Researchers at The Ohio State University analyzed the health records of 1,185 cancer patients who had been referred to hospice and found that a verified do-not-resuscitate order, or DNR, before the last 30 days of life reduced the odds of hospitalization. A prominent note in the electronic health record (EHR) indicating advance care planning (eg, discussions with providers on legal directives, a living will, or a health care power of attorney) also reduced the chances of admission—especially if that note was made at least six months prior to death.

Once a terminally ill patient transitions into hospice care, the goal is to avoid hospitalizations and procedures that are unnecessary and unwanted, says Laura Prater, PhD, MPH, MHA, the study’s lead author and a postdoctoral researcher in the division of general internal medicine at Ohio State’s College of Medicine.

The aim is twofold: to respect the wishes of the patient and to focus on quality of life and pain management. On top of that, keeping hospice patients out of the hospital reduces medical costs.

“Our research supports the importance of sharing your wishes with your physician and your family, and suggests that doing that earlier can prevent unwanted procedures and hospitalizations that don’t align with your priorities and deteriorate your quality of life,” Prater says.
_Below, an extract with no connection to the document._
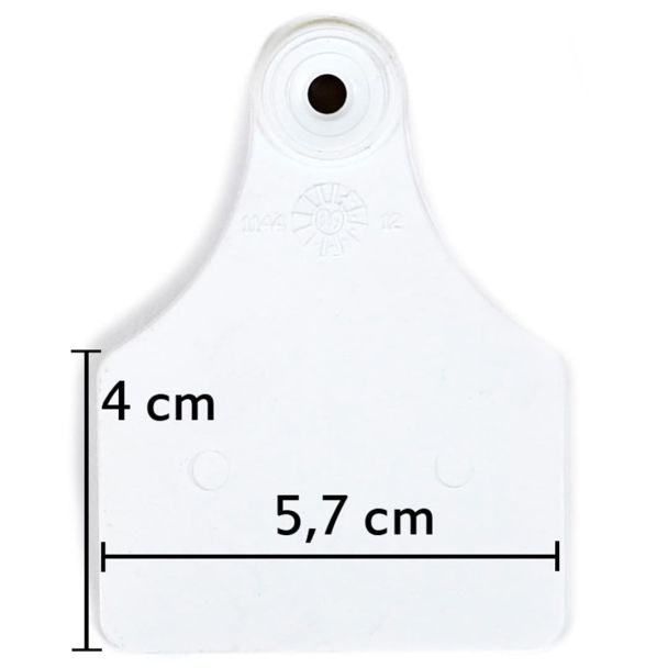 Cartellino Italflex grande per identificazione bovino maschio senza numero, in plastica bianca, altezza 4 cm., larghezza 5,7 cm.

The study was recently published in the American Journal of Hospice & Palliative Medicine.

It’s important for physicians and others on a patient’s care team to have conversations that address that person’s values and goals, including what to do if his or her illness is no longer treatable, says Seuli Bose-Brill, MD, the study’s senior author and an Ohio State Wexner Medical Center primary care physician who specializes in internal medicine and pediatrics.
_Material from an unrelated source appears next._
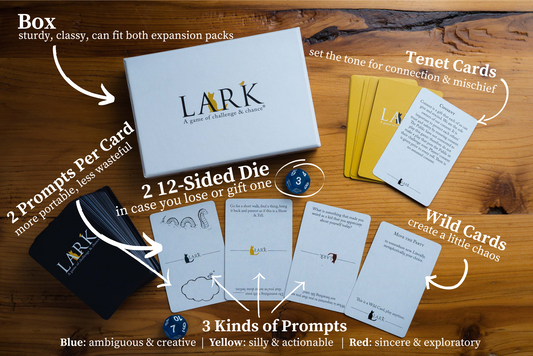 "I've played it in 20 minutes with friends before dinner where we draw a few quick cards to laugh and connect, in hours-long sessions where we make our way through all the cards in the deck, and in lengths and settings in between... Lark is a joyful experience!" - Olivia L

“These study results really support the idea that earlier is better for documenting these wishes. Those who had advance care planning notes in their health records six months or more before a hospital trip were significantly less likely to be admitted,” Prater says.

Specifically, the researchers looked at the “problem list” on the medical record—an easy-to-spot synopsis of that person’s health status. When advance care planning was noted there more than six months before the final month of life, hospitalization was least likely.

Previous studies have found that only 13% to 44% of terminally ill patients have documentation of advance care planning in their EHRs and that the location and ease of finding that documentation is inconsistent.

In times of crisis, hospice patients often are not in a position to advocate their own priorities and family members can be unsure, afraid, or in disagreement about those wishes, complicating matters. When the medical team can easily see in the EHR that the patient has documented his or her wishes, it eases their ability to act in the patient’s best interest, Bose-Brill says.

“I think everyone in medicine is aware that we need to do a better job documenting end-of-life wishes, but as a nation we haven’t figured out how best to do that,” she says.

Prater says this study could prompt discussions within medical practices and hospitals about how to consistently discuss and document advance care planning for patients.

“It’s important to make this part of the process, to look for ways to make sure that these conversations are happening consistently, early, and often, even though they are complex and difficult conversations to have,” Prater says.

And the topic shouldn’t only come up when transitioning to hospice, Bose-Brill says, because that is a time that can be particularly fraught with emotion and grief and not always the best opportunity to broach the subject.

“The earlier we start this process, the more it normalizes it,” she says.

“There are so many opportunities to explore these issues that patients and families are grappling with and we in health care need to not absolve ourselves of our responsibility to talk about these things.”